Given the records below, would you repeat exactly the lines that begin at the one containing "홍철호 의원이 대표발의한" and end at the one containing "所以當我把雞肉也丟下去時,稍微用力一點洋蔥就會從玉子燒鍋前端飛出去。", inclusive?

▶ Records for the exercise:
= Beginning of Section =

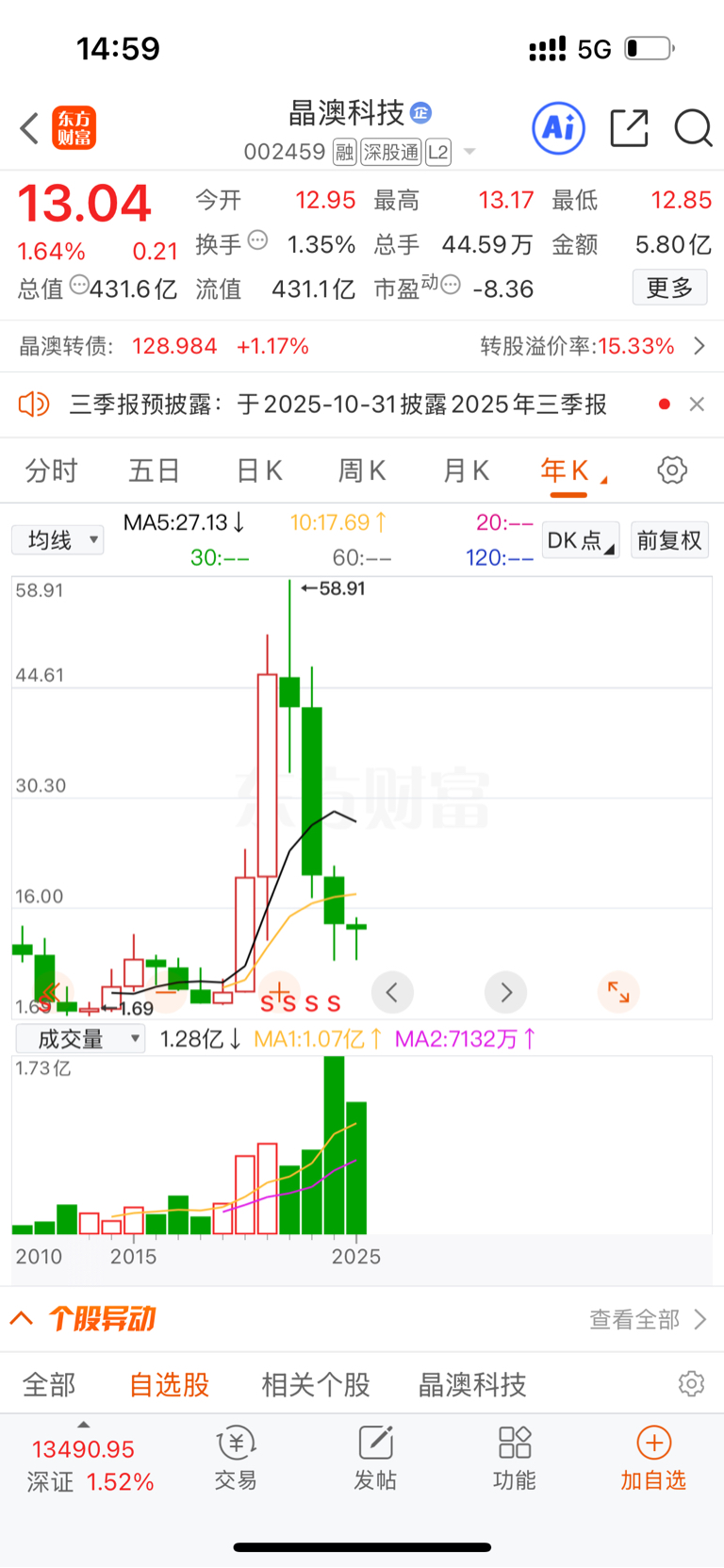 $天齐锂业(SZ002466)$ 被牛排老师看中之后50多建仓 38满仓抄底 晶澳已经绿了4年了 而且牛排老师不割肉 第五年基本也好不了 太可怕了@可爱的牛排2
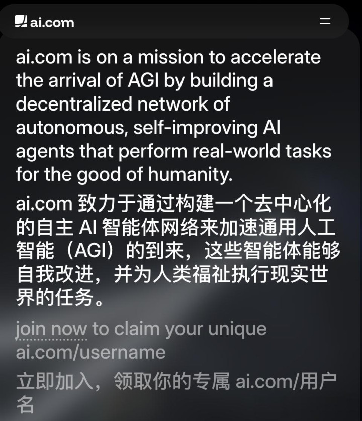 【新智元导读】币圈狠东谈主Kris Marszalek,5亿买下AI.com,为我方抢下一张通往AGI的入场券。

= End of Section =
= Beginning of Section =

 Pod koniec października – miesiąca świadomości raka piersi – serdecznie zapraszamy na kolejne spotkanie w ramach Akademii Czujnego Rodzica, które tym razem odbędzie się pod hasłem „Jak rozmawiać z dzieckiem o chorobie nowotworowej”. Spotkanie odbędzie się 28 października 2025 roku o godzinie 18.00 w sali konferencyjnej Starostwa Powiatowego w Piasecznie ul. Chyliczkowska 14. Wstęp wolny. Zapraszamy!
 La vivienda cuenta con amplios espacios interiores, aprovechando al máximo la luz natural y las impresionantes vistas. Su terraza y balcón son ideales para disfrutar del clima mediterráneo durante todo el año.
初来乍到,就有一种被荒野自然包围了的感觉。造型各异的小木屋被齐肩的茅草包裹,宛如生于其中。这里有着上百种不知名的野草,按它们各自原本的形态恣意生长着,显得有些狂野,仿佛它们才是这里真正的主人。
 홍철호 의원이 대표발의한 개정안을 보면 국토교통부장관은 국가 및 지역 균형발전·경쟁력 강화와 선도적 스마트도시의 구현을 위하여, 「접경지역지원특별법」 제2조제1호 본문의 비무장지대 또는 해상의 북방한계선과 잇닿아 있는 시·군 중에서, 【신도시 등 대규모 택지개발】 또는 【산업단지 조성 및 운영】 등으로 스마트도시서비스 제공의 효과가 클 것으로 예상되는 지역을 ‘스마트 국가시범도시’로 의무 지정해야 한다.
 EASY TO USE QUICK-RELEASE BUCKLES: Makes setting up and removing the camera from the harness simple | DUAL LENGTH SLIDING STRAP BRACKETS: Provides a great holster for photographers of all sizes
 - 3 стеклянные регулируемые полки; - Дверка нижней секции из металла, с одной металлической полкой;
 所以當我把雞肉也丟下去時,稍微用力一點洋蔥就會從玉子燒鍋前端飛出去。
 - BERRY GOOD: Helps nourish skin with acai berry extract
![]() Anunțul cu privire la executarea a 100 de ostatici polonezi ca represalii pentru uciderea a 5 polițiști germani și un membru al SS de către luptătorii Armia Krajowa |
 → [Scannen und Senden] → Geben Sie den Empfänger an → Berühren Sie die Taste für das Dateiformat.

= End of Section =

▶ Solution for this problem:
 홍철호 의원이 대표발의한 개정안을 보면 국토교통부장관은 국가 및 지역 균형발전·경쟁력 강화와 선도적 스마트도시의 구현을 위하여, 「접경지역지원특별법」 제2조제1호 본문의 비무장지대 또는 해상의 북방한계선과 잇닿아 있는 시·군 중에서, 【신도시 등 대규모 택지개발】 또는 【산업단지 조성 및 운영】 등으로 스마트도시서비스 제공의 효과가 클 것으로 예상되는 지역을 ‘스마트 국가시범도시’로 의무 지정해야 한다.
 EASY TO USE QUICK-RELEASE BUCKLES: Makes setting up and removing the camera from the harness simple | DUAL LENGTH SLIDING STRAP BRACKETS: Provides a great holster for photographers of all sizes
 - 3 стеклянные регулируемые полки; - Дверка нижней секции из металла, с одной металлической полкой;
 所以當我把雞肉也丟下去時,稍微用力一點洋蔥就會從玉子燒鍋前端飛出去。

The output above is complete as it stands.